The injection must be very slow. An injection rate of 1 ml of the contrast agent—DC Bead suspension per minute is recommended. Care should be taken to avoid sedimentation of the beads in the syringe by rotating the syringes or using a three-way stopcock to gently suspend the beads in the solution.

Embolization End Point

Injection should be continued until near stasis is observed in the artery directly feeding the tumor (i.e., the contrast column should clear within 2–5 heartbeats). At that point, injection must be stopped, regardless of the amount of beads that have been actually administered, to avoid reflux of embolic material. Once the embolization end point has been achieved, no additional embolic material should be injected.

If the near-stasis end point is not obtained after injection of the scheduled volume of loaded beads, two different options are possible.
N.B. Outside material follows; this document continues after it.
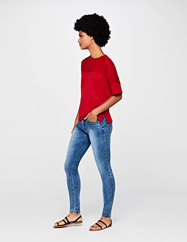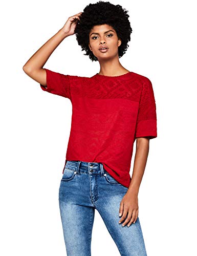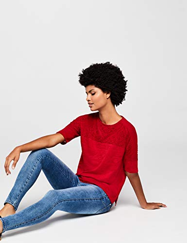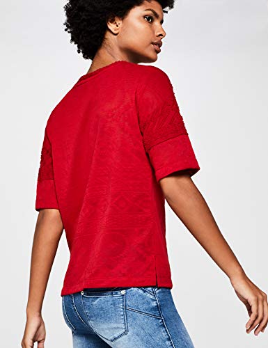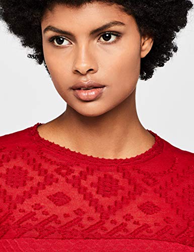 Marca Amazon - find. Camiseta de Manga Corta con Textura para Mujer, Rojo (Red), 40, Label: M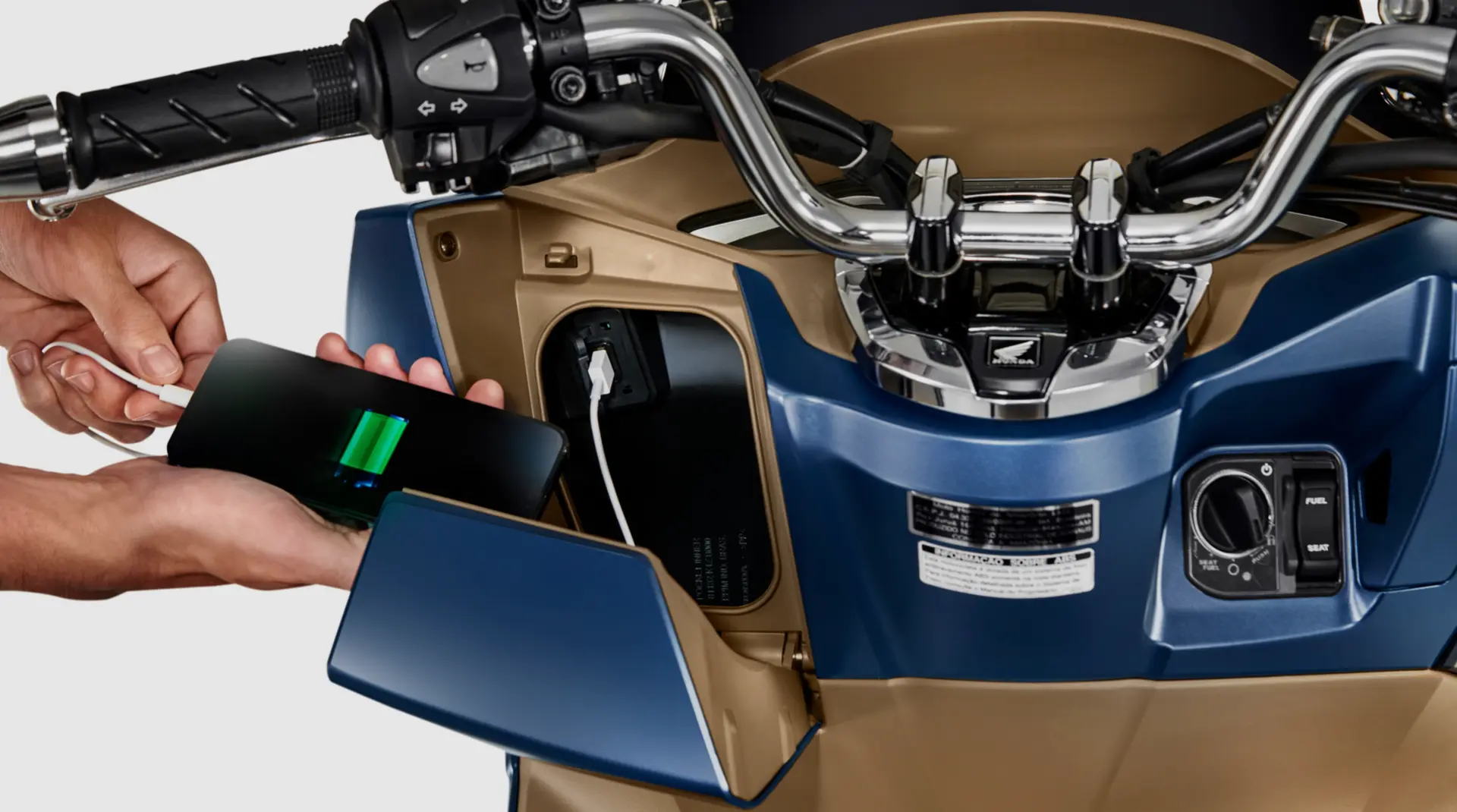 El nuevo diseño del chasis garantiza una posición de manejo aún más confortable y relajada que la de su predecesora, haciendo de la nueva PCX 160 la opción ideal para tus traslados diarios. Con una capacidad de 30 litros, el portaobjetos brinda ahora más espacio para guardar todo lo que necesites.

One option is to inject additional unloaded beads until the embolization end point has been reached. Another option is to not inject additional unloaded beads and to schedule the patient for a repeat course of treatment after imaging follow-up. This second option was supported by most panelists. However, there are insufficient data to mandate one strategy over the other.

Posttreatment Imaging

Obtaining a triple-phase CT or magnetic resonance imaging of the liver 2–4 weeks after treatment is recommended to assess tumor response and to plan further action. The panel recommends the use of the modified Response Evaluation Criteria in Solid Tumors (mRECIST) for HCC guideline for response classification [37]. Tumor response measured by mRECIST after transcatheter or systemic therapy has been shown to be associated with survival [38, 39].

In patients with residual viable tumor—including partial response, stable disease, and progressive disease according to mRECIST—further treatment with DEBDOX can be scheduled after 4–8 weeks in the absence of contraindications. Obtaining confirmation that the liver enzymes have returned to baseline before repeating treatment is recommended.

In patients with no evidence of residual viable disease—i.e., with complete response according to mRECIST—imaging follow-up should be scheduled every 2–3 months.

Treatment Discontinuation

Treatment with DEBDOX should be discontinued—even if technically feasible—in patients presenting with untreatable progression [40]. Untreatable progression is defined as failure to achieve objective response in the targeted tumor after at least two DEBDOX treatments. The emergence of new intrahepatic tumor foci remote from the treated territory, although clearly representing tumor progression according to mRECIST for HCC, does not contraindicate further treatment with DEBDOX. In cases of clinical or functional deterioration, treatment should be discontinued in patients who have clinical progression to ECOG performance status > 2 or who experience evolution to sustained hepatic decompensation (not merely after therapy).

Final Remarks

The technical recommendations that we summarize here represent the consensus of a panel of experts and are aimed at defining standards for an appropriate and consistent use of DEBDOX in the treatment of HCC. However, given the many patient- and tumor-related variables that play a role in the decision-making process, this is intended as no more than a general guideline. We fully acknowledge that, given the complexity of HCC, individual patient and tumor characteristics may require a different approach. Interventional radiologists should not follow these technical recommendations if, in their opinion, a different approach is required for the individual patient.

Finally, despite the improved tolerability profile of DEBDOX with respect to conventional TACE, it is imperative that interventional radiologists are fully aware of the spectrum of potential adverse events associated with the procedure to prevent complications or manage them properly [41].